Specific implementation of the CU has already had a Bo friend wrote, I here is no longer wordy, I reproduced back up a bit: "PRINTK realization Analysis"
Four, user space access to the kernel log
There are two interfaces for user space access and control of the kernel log:
(1) Call the kernel's syslog system call via the Klogctl function interface of GLIBC (2) via the Procfs interface exported in the FS/PROC/KMSG.C kernel module:/proc/kmsg file.    In fact, they finally called the Do_syslog function in/KERNEL/PRINTK.C to implement the access to __LOG_BUF and the modification of related variables. But it's worth noting that: when data is fetched from/PROC/KMSG, the data that is read in __LOG_BUF is no longer retained (that is, the Log_start pointer is modified), but the syslog system calls back the log data and preserves the data to other processes. Reading the/proc file is the default practice for KLOGD. The DMESG command can be used to view the contents of the cache and keep it, in fact, it returns everything in __log_buf to stdout, regardless of whether it has been read or not.
Here I still recommend everyone rtfsc–read the fucking source code, look at these code more than anything strong, I just lead a way here.
There are programs dedicated to logging system logs in user space, collectively referred to as the "syslog daemon". Most of the early and present embedded systems use the KLOGD+SYSLOGD combination, and most distributions now use RSYSLOGD or Syslogd-ng. These user-space programs I do not analyze here, I am not good at, operations may be more clear. All I know is that they roughly call relationships.
Here I use a graph to summarize the overall structure of the kernel PRINTK and log system:

Analysis of kernel log and PRINTK structure

Contact Us

The content source of this page is from Internet, which doesn't represent Alibaba Cloud's opinion; products and services mentioned on that page don't have any relationship with Alibaba Cloud. If the content of the page makes you feel confusing, please write us an email, we will handle the problem within 5 days after receiving your email.

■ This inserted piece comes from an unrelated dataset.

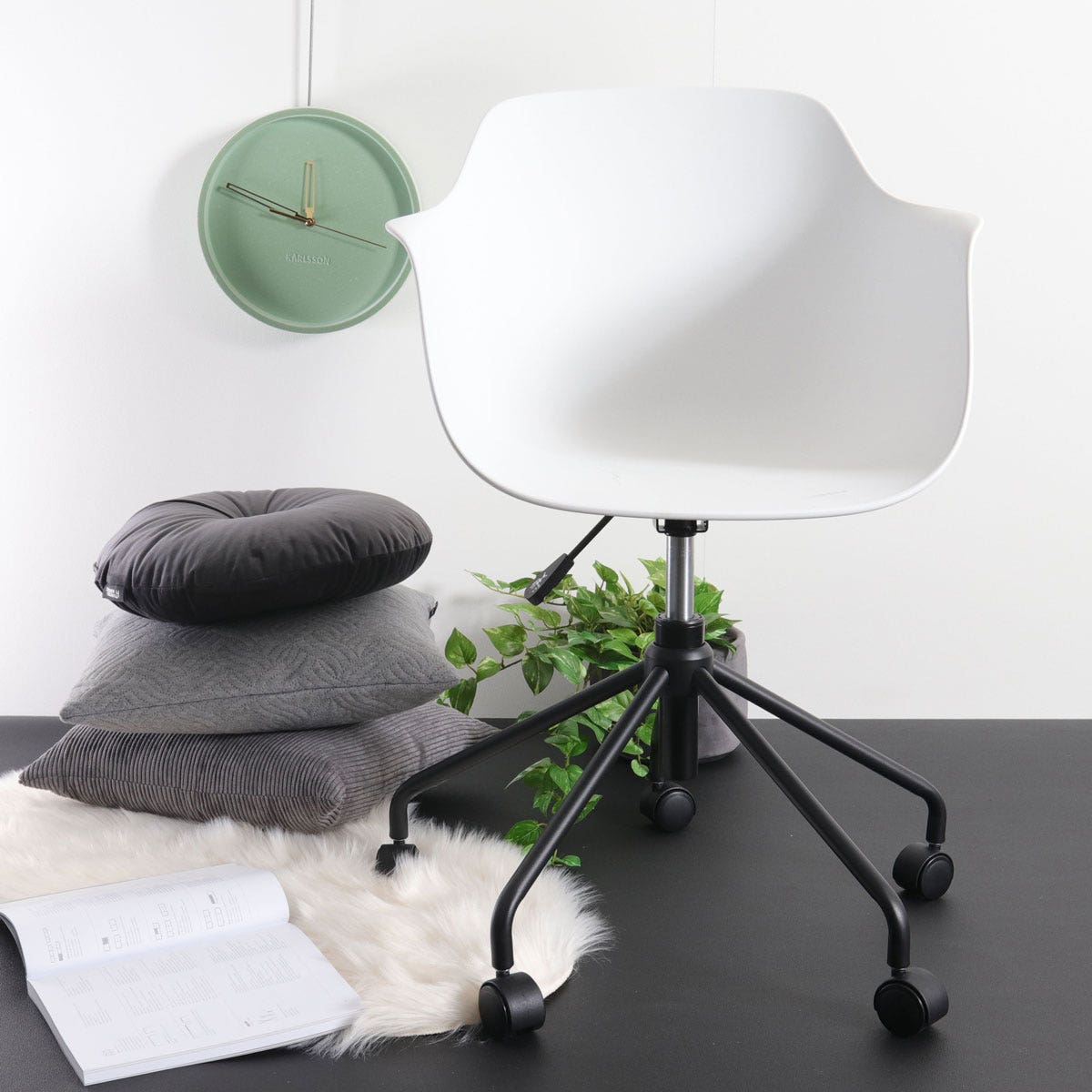 De bureaustoel heeft een kunststof kuipzitting met armleuningen om het lichaam optimaal te ondersteunen tijdens het werken. Dit materiaal is altijd enigszins flexibel, waardoor de zitting met het lichaam mee beweegt en voor veel comfort zorgt. Het metalen onderstel is voorzien van wieltjes en is in hoogte verstelbaar, zodat je op elke plek de juiste zithoogte aan kan houden en dus de perfecte zithouding hebt. Deze moderne bureaustoel heeft een tijdloos design dat in iedere thuiswerkplek tot zijn recht komt. Maak een keuze uit een compleet wit of zwart exemplaar, of ga voor een mix van deze twee kleuren. Met het Fem zitkussen van Nolon voeg je eventueel nog wat extra kleur en flair toe aan je werkplek, en zorg je ervoor dat je nog lekkerder zit. Bovendien is deze bureaustoel ook verkrijgbaar met een vast zitkussen als de Nout-Liz bureaustoel.

If you find any instances of plagiarism from the community, please send an email to: info-contact@alibabacloud.com and provide relevant evidence. A staff member will contact you within 5 working days.

A Free Trial That Lets You Build Big!

Start building with 50+ products and up to 12 months usage for Elastic Compute Service

  • Sales Support

    1 on 1 presale consultation

  • After-Sales Support

    24/7 Technical Support 6 Free Tickets per Quarter Faster Response

  • Alibaba Cloud offers highly flexible support services tailored to meet your exact needs.